Todo mundo tem seu prazer proibido. O meu são os filmes da Cannon, estúdio que, nos anos 80, produziu alguns dos piores filmes que Hollywood já testemunhou. O tempo joga uma nova perspectiva no passado, e o que era o fundo do poço cinematográfico ontem, hoje ressurge como objeto de culto, o retrato de uma época em que pesos leve podiam ressoar entre os gigantes dos grandes estúdio. É óbvio que não estou, nem de longe, sozinho nessa paixão. É o que confirma o documentário Electric Boogaloo: The Wild, Untold Story of Cannon Films, em que o diretor Mark Hartley vai à caça de colaboradores, parceiros e desafetos da dupla de produtores Menahem Golan e Yoram Globus – que fizeram a coleção de filmes mais estranhos, divertidos, improváveis e sensacionais do cinema moderno. O doc, que foi exibido no Festival do Rio, ganha agora um trailer que é pura nostalgia. Dá uma olhada e a gente continua…
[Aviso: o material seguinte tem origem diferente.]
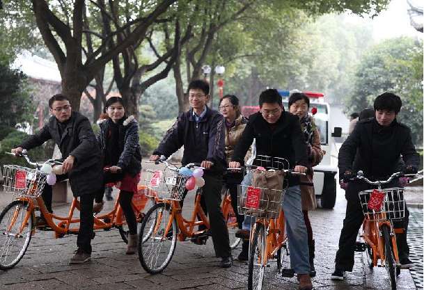 2月14日,吳江推出雙人公共自行車,分別投放于吳江公園和蘇州河,由于恰逢西方情人節,所以借此機會,在吳江公園內舉辦了“情侶同騎雙人公共自行車”的活動。12點58分活動按時進行,雖然陰雨蒙蒙,但經過的情侶都會停下來看看這"稀罕"的雙人公共自行車,在工作人員的鼓勵下,情侶們紛紛踏著雙人自行車繞著公園騎了起來。另外,只要試騎雙人公共自行車的情侶都可以領取工作人員準備的玫瑰花和巧克力。

De descer uma lágrima, não? Golan e Globus, que são primos, desenharam um modelo de negócio que consistia em comprar roteiros de quinta categoria e tocar sua produção com o orçamento mais apertado possível. Logo, a Cannon se tornou sinônimo de filmes de ação classe Z que dominaram os anos 80, além de comédias rasteiras e musicais constrangedores. A dupla de produtores também tinha lábia invejável, e conseguiu atrair alguns astros de peso (Stallone, Chuck Norris), ao mesmo tempo que dava espaço a quem já estava no segundo tempo (Charles Bronson) e lançava os heróis do amanhã (Jean Claude Van Damme). Alguns filmes mais sérios ainda foram lançados entre os tiros e as explosões, mas a pretensão de sair do abismo dos filmes B com produções mais elaboradas foi para o espaço com o fracasso astronômico de Superman IV e Mestres do Universo.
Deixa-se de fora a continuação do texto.